Global Cyber Pulse: Update

Cyber Attack
July 4, 2024 | Cybersecurity

Stay ahead in the dynamic world of cybersecurity.

Here’s your concise guide to the latest trends, threats, and breakthroughs from around the globe:

1. Europol’s Major Crackdown on Cobalt Strike Abuses

Europol and partners dismantle nearly 600 illegal Cobalt Strike servers:

Overview: A concerted effort by Europol and global partners led to the takedown of 593 unlicensed Cobalt Strike servers used for cyberattacks.

Operation MORPHEUS: Conducted over four days starting June 24th, the operation involved agencies from the UK, US, Australia, Canada, Germany, the Netherlands, and Poland.

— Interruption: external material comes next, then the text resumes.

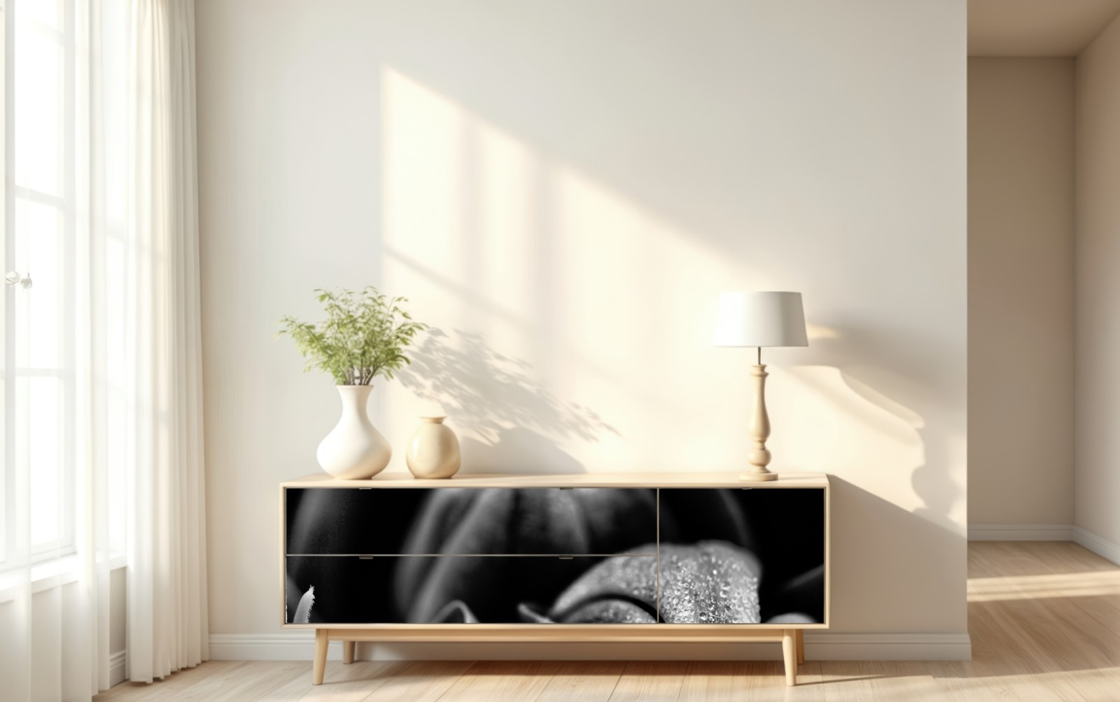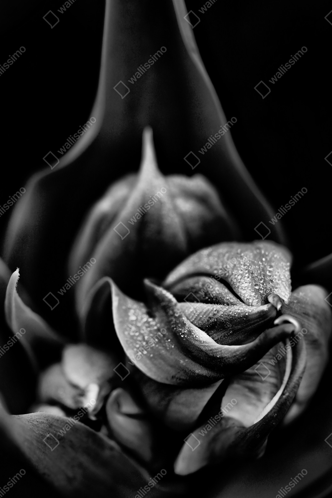 Repositionierbarer Aufkleber Monochrome nahaufnahme blüte mit tau

Impact: Out of 690 flagged IP addresses across 27 countries, 593 were successfully neutralized, disrupting criminal activities.

2. Twilio Authy Endpoint Exploited by Hackers

Unsecured endpoint in Twilio’s Authy app compromised:

Incident: Unidentified attackers exploited an unsecured endpoint in the Authy app, gaining access to users’ cell phone numbers.

Response: Twilio promptly secured the endpoint to prevent further unauthorized access.

Background: Authy, a popular two-factor authentication tool acquired by Twilio in 2015, is critical for enhanced account security.

3. Australia and AWS Forge $2 Billion Cyber Partnership

Australia boosts cybersecurity with AWS partnership:

Investment: The Australian government announces a $2 billion investment over the next decade to enhance cyber capabilities.

Partnership: The Australian Signals Directorate (ASD) and Amazon Web Services (AWS) will establish a Top Secret (TS) Cloud in Australia.

Benefits: The TS Cloud will secure Australia’s most sensitive information, support military operations, and create up to 2,000 local jobs.

4. Thales Study Highlights Cloud Security Challenges in India

Cloud assets are prime targets for cyberattacks in India:

Study Findings: Thales’ 2024 Cloud Security Study reveals that nearly half of Indian organizations consider all their cloud data sensitive.

Breaches: 37% of surveyed Indian firms experienced cloud data breaches, with 14% occurring in the past year.

Global Perspective: The study surveyed 2,961 IT and security professionals across 18 countries and 37 industries.

5. Massive Data Breach Hits Oceanview Life and Annuity

Oceanview and Infosys McCamish Systems disclose data breach:

Scope: The breach affected over 6 million customers’ personal information.

Details: The incident, stemming from a ransomware attack in November 2023, also compromised data for about 57,000 Bank of America clients.

Company Profile: Infosys McCamish Systems provides IT and consulting services, focusing on insurance and financial sectors.

6. FIA’s Email Compromise Leads to Data Breach

FIA (Fédération Internationale de l’Automobile), the auto racing governing body since the 1950s reveals data breach after email phishing attack:

Incident: The FIA reported that phishing attacks led to the unauthorized access of personal data from two compromised email accounts.

Impact: The breach exposed sensitive information, highlighting the ongoing risks of phishing.

Background: The FIA has been the governing body for Formula 1 and other auto racing.